## HOW TO COMPLETE THIS TASK
The data below holds the lines to copy: everything from the line containing "研22级测绘第三党支部在J2" to the line containing "Forcément mes pensées", both ends included, set down exactly.

## MATERIAL PROVIDED
━━━━━━━━━━

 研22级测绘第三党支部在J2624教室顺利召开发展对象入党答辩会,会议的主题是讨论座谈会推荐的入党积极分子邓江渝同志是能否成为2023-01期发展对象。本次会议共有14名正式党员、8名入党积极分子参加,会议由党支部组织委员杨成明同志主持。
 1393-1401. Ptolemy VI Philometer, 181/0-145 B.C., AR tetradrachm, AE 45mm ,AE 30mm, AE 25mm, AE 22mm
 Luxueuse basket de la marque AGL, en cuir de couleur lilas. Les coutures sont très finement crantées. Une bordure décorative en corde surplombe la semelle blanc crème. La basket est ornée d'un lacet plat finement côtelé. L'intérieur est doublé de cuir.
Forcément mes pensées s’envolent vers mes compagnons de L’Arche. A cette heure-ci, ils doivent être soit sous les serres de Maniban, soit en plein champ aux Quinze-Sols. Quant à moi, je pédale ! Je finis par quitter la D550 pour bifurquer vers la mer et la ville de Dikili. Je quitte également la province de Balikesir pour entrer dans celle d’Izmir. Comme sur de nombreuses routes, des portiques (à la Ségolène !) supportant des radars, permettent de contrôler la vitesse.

━━━━━━━━━━

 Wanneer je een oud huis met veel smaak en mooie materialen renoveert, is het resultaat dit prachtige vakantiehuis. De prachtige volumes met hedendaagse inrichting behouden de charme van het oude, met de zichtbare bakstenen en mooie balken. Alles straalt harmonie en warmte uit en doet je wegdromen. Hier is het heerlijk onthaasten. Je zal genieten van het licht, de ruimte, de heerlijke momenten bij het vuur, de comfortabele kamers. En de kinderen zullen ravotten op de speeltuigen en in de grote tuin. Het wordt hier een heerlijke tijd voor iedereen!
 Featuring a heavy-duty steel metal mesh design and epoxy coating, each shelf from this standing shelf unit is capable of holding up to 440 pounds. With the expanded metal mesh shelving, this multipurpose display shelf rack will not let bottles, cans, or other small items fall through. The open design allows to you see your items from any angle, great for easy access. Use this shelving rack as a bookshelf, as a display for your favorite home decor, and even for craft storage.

━━━━━━━━━━

## WRITTEN RESPONSE
 研22级测绘第三党支部在J2624教室顺利召开发展对象入党答辩会,会议的主题是讨论座谈会推荐的入党积极分子邓江渝同志是能否成为2023-01期发展对象。本次会议共有14名正式党员、8名入党积极分子参加,会议由党支部组织委员杨成明同志主持。
 1393-1401. Ptolemy VI Philometer, 181/0-145 B.C., AR tetradrachm, AE 45mm ,AE 30mm, AE 25mm, AE 22mm
 Luxueuse basket de la marque AGL, en cuir de couleur lilas. Les coutures sont très finement crantées. Une bordure décorative en corde surplombe la semelle blanc crème. La basket est ornée d'un lacet plat finement côtelé. L'intérieur est doublé de cuir.
Forcément mes pensées s’envolent vers mes compagnons de L’Arche. A cette heure-ci, ils doivent être soit sous les serres de Maniban, soit en plein champ aux Quinze-Sols. Quant à moi, je pédale ! Je finis par quitter la D550 pour bifurquer vers la mer et la ville de Dikili. Je quitte également la province de Balikesir pour entrer dans celle d’Izmir. Comme sur de nombreuses routes, des portiques (à la Ségolène !) supportant des radars, permettent de contrôler la vitesse.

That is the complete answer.